# Qunatize with GGUF

This notebook is for you to qunatize huggingface models in GGUF formate and upload them to the Hub
GGUF fromat is to run models on the CPU

## Login to Huggingface Hub

In [None]:
!pip install huggingface_hub

In [None]:
from huggingface_hub import notebook_login

noteboo_login()

In [None]:
cache_dir = ''

from google.colab import drive
drive.mount('/content/drive')

In [None]:
import os
cache_dir = "/content/drive/My Drive/huggingface_cache"
os.makedirs(cache_dir, exist_ok=True) # Ensure directory exists

In [None]:
import locale

def getpreferredencoding(do_setlocale = True):
    return "UTF-8"

locale.getpreferredencoding = getpreferredencoding

In [None]:
!pip install -q -U git+https://github.com/huggingface/transformers.git
!pip install -q -U git+https://github.com/huggingface/acclerate.git
!pip install -q -U einops
!pip install numpy==1.24
!pip install sentencepiece==0.1.98

In [None]:
import os
import torch
import torch.nn as nn
from transformers import AutoTokenizer, AutoConfig , AutoModelForCausalLM

## Model Loading

In [None]:
# model_name = "meta-lloma/Llama-2-7b"
model_name = ""

model = AutoModelForCausalLM.from_pretrained(
    model_name, 
    trust_remote_code = True,
    torch_dtype = torch.bfloat16,
    device_map="cpu",
    offload_folder="offload",
    cache_dir = cache_dir
)

In [None]:
!cd cache_dir

In [None]:
!git clone https://github.com/ggerganov/llama.cpp.git

In [None]:
%cd llama.cpp

In [None]:
model.save_pretrained("./models/")

## Download Tokenizer config

In [None]:
import os
import requests

def download_file_from_huggingface(
    model_name,
    filename,
    save_path
):
    url = f"https://huggingface.co/{model_name}/resolve/main/{filename}"
    r = requests.get(url, allow_redirects=True)
    if r.status_code != 200:
        print(f"Error downloading {filename}. HTTP Status Code: {r.status_code}")
        return False
    with open(os.path.join(save_path, filename), "wb") as f:
        f.write(r.content)
    return True

def main():
    files_to_download = [
        "tokenizer.json",
        "tokenizer.model",
        "tokenizer_config.json",
        "special_tokens_map.json",
        "added_tokens_map.json",
    ]
    
    save_path = "./models/"
    if not os.path.exists(save_path):
        os.makedirs(save_path)
        
    for filename in files_to_download:
        success = download_file_from_huggingface(model_name, filename, save_path)
        if success:
            print(f"Successfully downloaded {filename}")
        else:
            print(f"Error downloading {filename}")

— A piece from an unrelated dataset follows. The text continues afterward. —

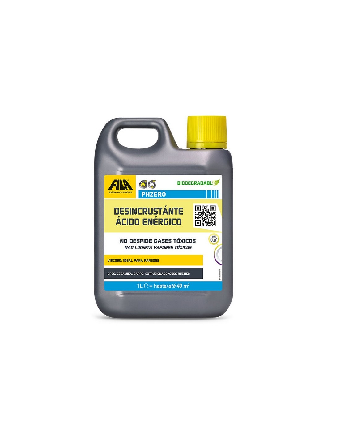 FILADesincrustante ácido FILA PH Zero Elimina restos obra, eflorescencias. Limpia, desincrusta suelos porosos. No desprende gases tóxicos. Acción prolongada. Rendimiento: 20 m² barro, 40 m² porcelánico por litro aplicado. 1 litro.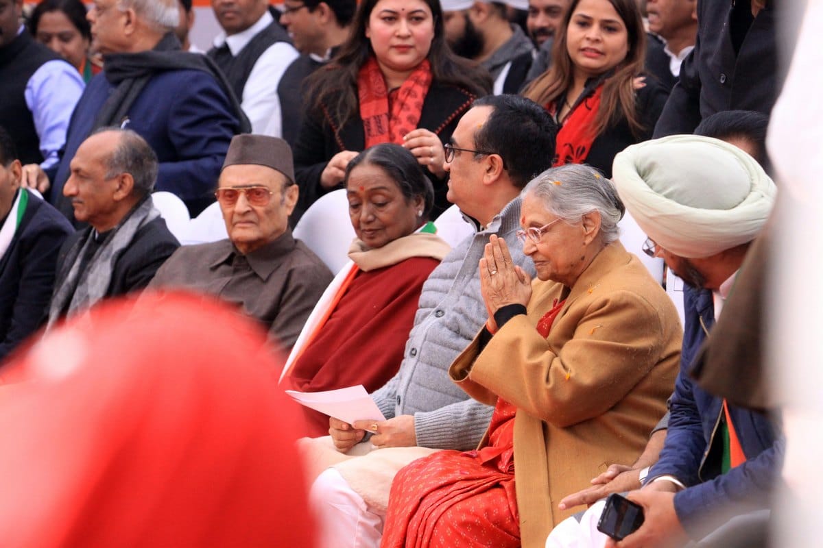 Senior Congress leaders Karan Singh, Janardan Dwivedi, Meira Kumar, PC Chacko, Sandip Dikshit and Ajay Maken were among those present as Dikshit took charge.-PTI

if __name__ == "__main__":
    main()

## Converting to GGUF

In [None]:
!apt update -y
!apt install build-essential git cmake libopenblas-dev libeigen3-dev -y

In [None]:
!make LLAMA_OPENBLAS=1

In [None]:
!ls

In [None]:
!python3 -m pip install -r requirements.txt

In [None]:
!python convert.py models/

In [None]:
parts = model_name.split('/')

model_name_pure = parts[1]

quant_type = "Q4_K"
quantized_model = f'models/{model_name_pure}.{quant_type}.gguf'
print(f'Preparing {quantized_model} with {quant_type} quantization.')

import subprocess

command = ["./quantize","models/ggml-model-f16.gguf",quantized_model,quant_type]

subprocess.run(command)

## Push to Hub

In [None]:
from huggingface_hub import HfApi

api = HfApi()

quant_name = model_name.split('/')[-1] + "-GGUF"

repo_id = "AdithyaSK/"+ quant_name

base_path = "./models"

local_file_paths = [
    base_path + "/tokenizer.json",
    base_path + "/tokenizer.model",
    base_path + "/tokenizer_config.json",
    base_path + "/special_tokens_map.json",
    base_path + "/ggml-vocab-llama.gguf",
    base_path + "/" + f'{model_name_pure}.{quant_type}.gguf',
]

In [None]:
for local_file_path in local_file_paths:
    
    file_name = local_file_paths.split("/")[-1]
    
    path_in_repo = file_name
    
    api.upload_file(
        path_or_fileobj=local_file_path,        
        path_in_repo=path_in_repo,
        repo_id=repo_id,
        repo_type="model",
    )
    
    print(f"Uploaded {file_name} to {repo_id}")